In September 2018, the Oxford Universitybased Reuters Institute for the Study of Journalism commissioned Kantar Media to examine this growth in messaging apps. Users were turning away from Facebook for its failure to provide meaningful and relevant social connections that had attracted them to it in the first place. The study focused on four countries: Brazil, Germany, the United Kingdom, and the United States. It found that since 2014, messaging apps led by WhatsApp had “grown remarkably as a tool for news among social media users in Brazil, and it has at least doubled in the other three countries.”
The study’s findings now appear relevant elsewhere, including the Philippines, especially after COVID-19 forced the world into lockdown and people into isolation and loneliness. Online communities such as those nurtured in messaging apps or even social media groups offer a semblance of belonging despite the physical distance and a lifeline to the rest of the world.
The Reuters study found, “News might be picked up in Facebook and then shared in the privacy and greater intimacy of WhatsApp. Facebook is where news is announced, while WhatsApp is where it is copied across and discussed.” For users who belong to multiple groups on these messaging apps, the sharing of information, true or false, can happen at exponential rates, and the fallout would have happened even before traditional media have caught on, as the August incidents showed.
In the Philippines, messaging apps have gained popularity as vehicles of commerce, news, government updates, and social connections. The leading messaging app is Facebook Messenger, but WhatsApp, Telegram, and Signal remain among the most used. In January this year, Viber reported a 24 per cent increase in the number of users in the Philippines, part of the more than 400 per cent jump in users in the Asia Pacific region.
To be fair, these messaging apps have many legitimate uses. They have become common among workplace communities in a work- from-home environment and the academe, where they are used to supplement online learning modes. Messaging apps are how students stay in touch with classmates and teachers outside online class hours and how group work gets done. The Department of Health provides daily updates on the COVID-19 situation on Viber while media groups post news stories on their Viber accounts as an alternative source to social media.

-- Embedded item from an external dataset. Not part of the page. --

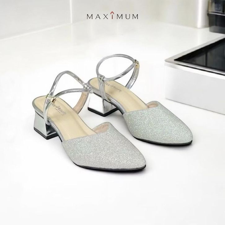 Maximum Heels Wanita Kondangan Pesta Sandal Slip On Cantik Model Glitter Kekinian Terbaru
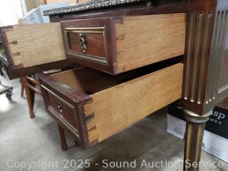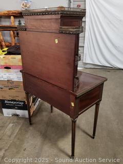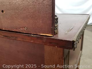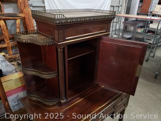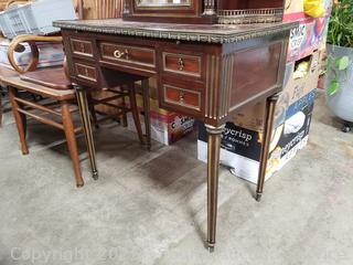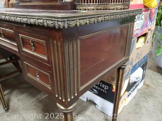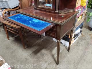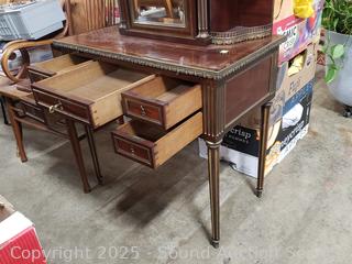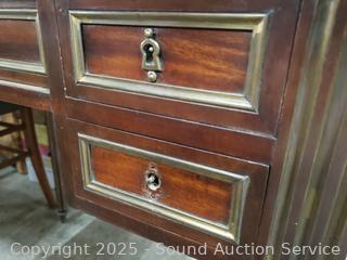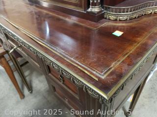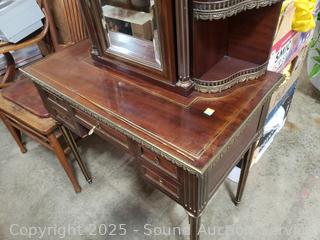 Lot #0003: Vintage Mahogany Brass Inlaid Mirrored Vanity/Desk

But the danger of misinformation and disinformation spreading on these ubiquitous tech applications cannot be discounted, especially in the Philippines, where the infrastructure for online communication remains unreliable. A few months ago, the local government of Quezon City, the biggest city in Metro Manila, became the object of frustration and criticism after its vaccination registration platform, ezconsult.io, experienced repeated crashes. Residents took to Facebook to vent their frustrations at the difficulty of securing vaccine appointments. Messaging apps, as well as Facebook groups, became the go-to sites for questions and solutions to such problems.
While vaccinations are a national concern, and mainstream media monitor vaccine efforts, there is only so much that journalists can do, given how dispersed the efforts are. As vaccination efforts continue, it is becoming clear that local government units are playing a major role in ensuring a smooth rollout and delivery of accurate information. At the same time, media literacy efforts have to continue to inculcate in social media users the discipline of checking information that comes their way and the restraint in sharing messages that land on their phones.
Disclaimer:
The views and opinions expressed in this article are those of the author and do not necessarily reflect the official policy or position of ASEAN.